The most persistent critic of the program the National Institutes
of Health has laid out for developing an HIV vaccine was given
the spotlight on February 5 at the premier meeting on HIV
science, the 15th Conference on Retroviruses and Opportunistic
Infections, taking place this week in Boston.
"The fundamental question is whether an effective vaccine against
HIV-1 is feasible at the current time," said Ronald Desrosiers,
director of the New England Primate Research Center at Harvard
University. After reviewing the evidence, his answer was a
resounding no.
"First and foremost we need to remember the defining hallmark of
AIDS: HIV is the undisputed champion of persistent viral
replication ... Not only is the natural immune response unable to
control the virus and stop this continuous replication, it is not
even able to protect against superinfection by different strains
of HIV."
HIV mutates rapidly and has a huge genetic diversity. Desrosiers
used a scattergram developed by others to illustrate the point.
It visually compared the genetic diversity of the flu - a virus
that changes so rapidly that a new version of the protective
vaccine must be developed each year - and HIV.
If the flu worldwide has a diversity the size of the nail on your
little finger, the genetic diversity of the HIV infecting a
single patient is the size of the nail on a larger finger, maybe
even your thumb. And the genetic diversity of all of the HIV
circulating throughout the world is about the size of your fist.
The shell of the virus is coated with carbohydrates that block
antibodies from binding to it; it produces proteins that
neutralize immune responses; and all the while it is destroying
CD4 cells. The human immune system can cope with some of this but
"HIV is constantly spitting out [genetic] sequence variations"
and the body can't defend against them all, Desrosiers said.
"None of this should be news to people in this room. But
sometimes, I think that many forget, or choose to overlook, how
daunting the task of a vaccine really is," Desrosiers added.
"We're batting 0 for 3 in the efficacy trials in human. We don't
know how to elicit antibodies with broadly neutralizing activity.
We don't know how to deal with the enormous sequence diversity
present in the virus. And we don't know what constitutes immune
protection," he said.
All of the other HIV vaccine candidates currently in the
development pipeline depend upon the same general approach as the
failed vaccines. He said there is no need for further human
trials of that "me, too" approach.
Desrosiers lamented the sums of money being spent by NIH "to
manufacture and test products with little reasonable hope of
efficacy" - so far $189 million on phase 1-2-3 trials and more on
product development and manufacturing - that could have been
spent on basic research. And he warned that continued failure
runs the risk of funder fatigue and volunteer backlash.
He asked if NIH "has lost its way" in picking up the slack for a
pharmaceutical industry that largely has not been interested in
HIV vaccine development. He answered affirmatively. "Pharma has
gauged that given the current state of knowledge, a vaccine for
HIV is not scientifically feasible at this time to warrant the
dollars to develop one."
But he was encouraged by "some indications that NIH is ready to
change the 'products in the pipeline philosophy' that has largely
driven HIV vaccine development." A summit is being planned for
this spring, perhaps as early as March, as part of that process.
Desrosiers said the NIH should return to its primary focus of
funding basic research.
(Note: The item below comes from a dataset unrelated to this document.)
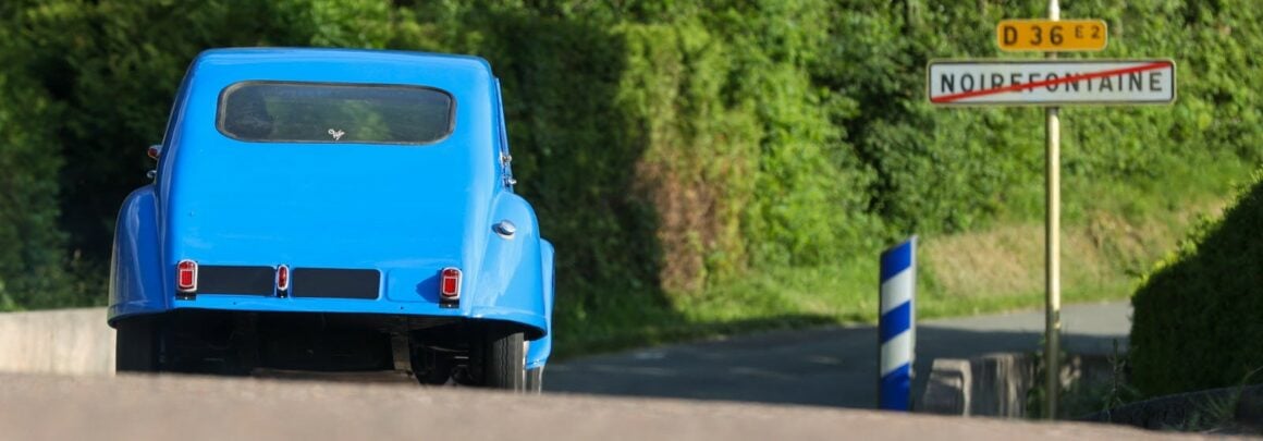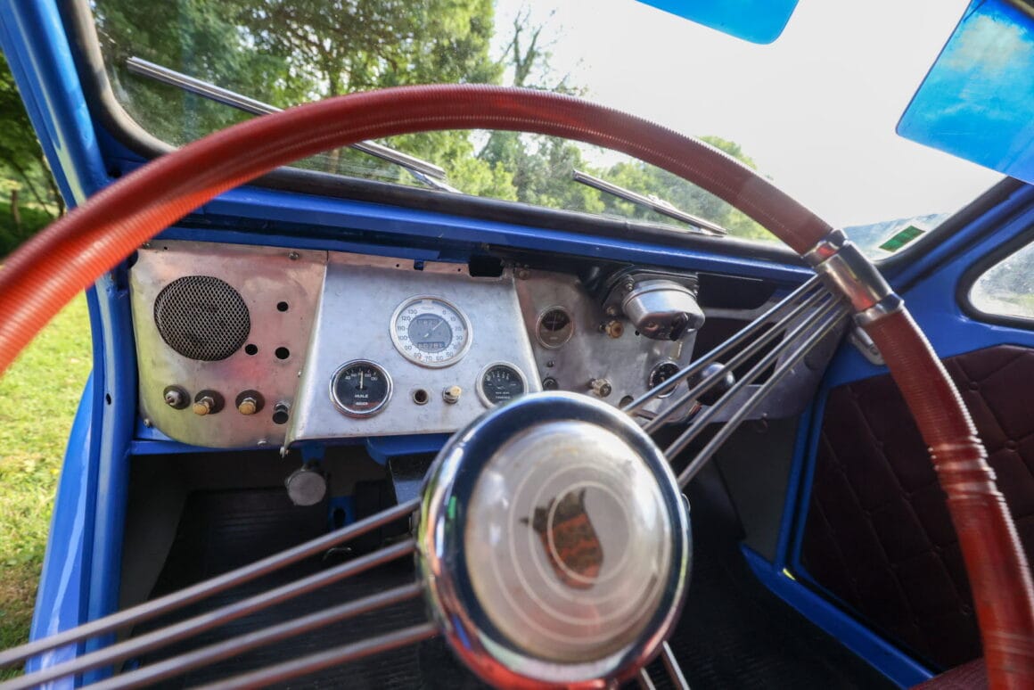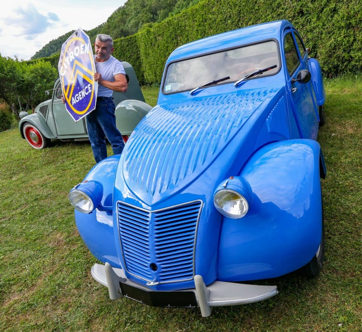 Dans son atelier à Noirefontaine, Damien Boiteux a rénové une 2 CV-A datant de l’été 1953 en recréant un modèle unique “Kustomisé-sport” datant de l’époque des insouciantes “Fifties” par le pilote Jean Blanchet. C’était pour faire “de la compétition”, pas pour frimer dans des concentrations “Kustom” qui alors n’existaient pas (encore)…

He urged focusing on broadly neutralizing
antibodies; more aggressive pursuit of novel vaccine concepts;
identifying what constitutes effective immune response in monkeys
and human long term slow progressors; and "comparative
head-to-head testing in rhesus monkeys for protective efficacy."
Desrosiers has raised many of these points at various meetings
over the years, including at a smaller session of CROI when it
met four years ago in San Francisco. The number of people coming
around to his views has increased dramatically since last
September when the Merck vaccine trial was stopped because more
people who received the vaccine became infected with HIV than
those who got a placebo.
At a news conference later that day, CROI co-chair John Mellors
said, "The path forward is not clear. I think there is agreement
on that. Anybody who talks about a timeline for a vaccine is
being silly and uninformed. It will require an incremental
process of knowledge, and experimentation, and testing of ideas."